WHAT THE TASK ASKS >>
The listing below must be repeated word for word, with its images excluded.

DATA BLOCK >>
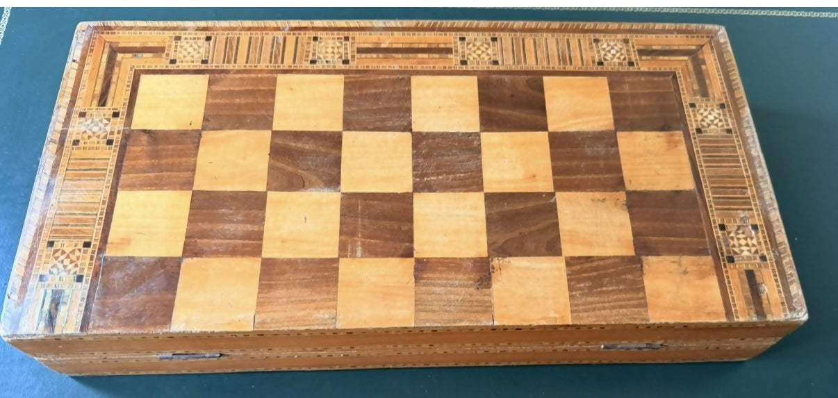 Caixa de xadrez e gamão toda em marchetaria
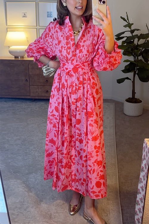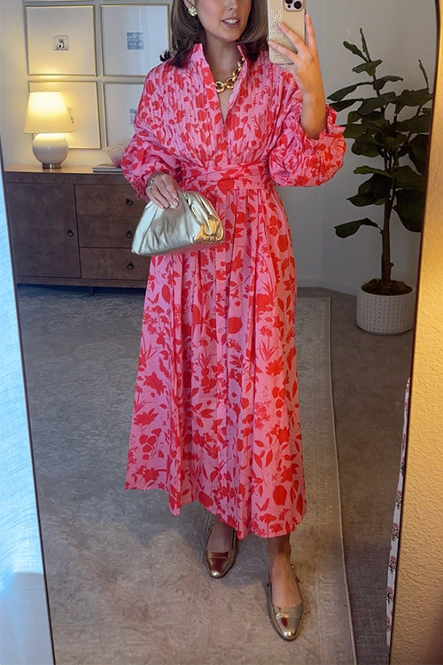 Balloon Long Sleeves Button Down Floral Print Maxi Dress
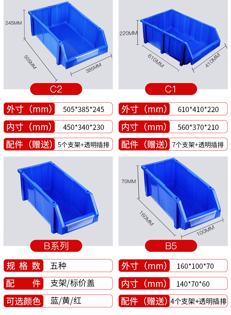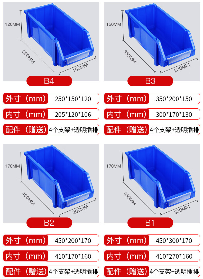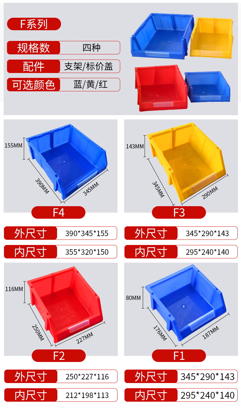 Xingyun thickened parts box F3 thickened 350*280*150 parts storage box warehouse storage shelf hardware screw accessories component oblique mouth material box

EXERCISE ANSWER >>
 Caixa de xadrez e gamão toda em marchetaria
 Balloon Long Sleeves Button Down Floral Print Maxi Dress
 Xingyun thickened parts box F3 thickened 350*280*150 parts storage box warehouse storage shelf hardware screw accessories component oblique mouth material box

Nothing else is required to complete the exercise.